Results in a result file looking like this:
<?xml version=”1.0″ encoding=”utf-8″?>
<document>
  <one
    at1=”at1″
    at2=”at2″>
    <two>
<three
        at1=”3at1″
        at2=”3at2″ /></two>
  </one>
  <four
    at1=”at1″
    at2=”at2″>
    <five>
      <six

        at1=”3at1″
        at2=”3at2″ />
    </five>
  </four>
</document>

Here’s an outline of the code:

XmlReaderSettings readerSettings = new XmlReaderSettings
                                                   {
                                                       ConformanceLevel = ConformanceLevel.Fragment
                                                   };
                                                  
XmlWriterSettings writerSettings = new XmlWriterSettings
                                                   {
                                                       ConformanceLevel = ConformanceLevel.Document
                                                   };

XmlReader reader = XmlReader.Create(stream0, readerSettings);
XmlReader reader2 = XmlReader.Create(stream0, readerSettings);
XmlDocument document = new XmlDocument();
            document.Load(reader2);
XmlWriter writer = XmlWriter.Create(stream1, writerSettings);

while (!reader.EOF)
{
    writer.WriteNode(reader, true);
}
writer.WriteNode(document.CreateNavigator(), true);

Note that this is the case even when you create an XmlDocument from an XmlReader with IgnoreWhistespace = false.

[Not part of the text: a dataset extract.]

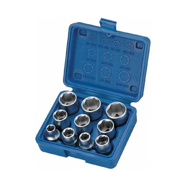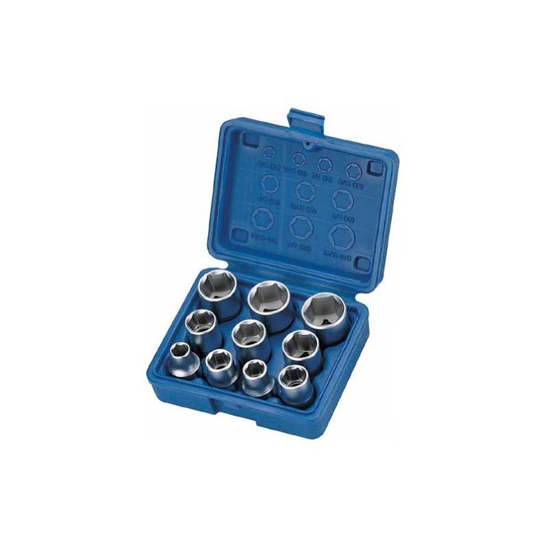 10 x inserts in hexagonal profile: 3/8, 7/16, 1/2, 9/16, 5/8, 11/16, 3/4, 13/16, 7/8, 15/16 inches.

So that about wraps it up. This was not meant to be an exhaustive study of
all the Xml- Reader/Writer/Document/WrietSettings/ReaderSettings/XPathNavigator interactions so if you find anything else unusual or that I grossly misrepresented something please feel free to let me know!

Addendum:
After testing mono’s response to all this upon Cambell’s request I discovered an idiosyncrasy  in .net . It seems that attributes with a preceding namespace are not indented so:

File 1:
“<one xmlns:at1=”at1″” at2=”at2″”><two><three at1=”3at1″ at2=”3at2″/></two></one>”

Results in:

<?xml version=”1.0″ encoding=”utf-8″?>
<document>
  <one xmlns:at1=”at1″
    at2=”at2″>

    <two>
      <three
        at1=”3at1″
        at2=”3at2″ />
    </two>
  </one>
  <four
    at1=”at1″
    at2=”at2″>
    <five>
      <six
        at1=”3at1″
        at2=”3at2″ />
    </five>
  </four>
</document>

Unfortunately (from a cross platform consistency standpoint), Mono does not exhibit this behavior and (correctly?) inserts a newline before that attribute.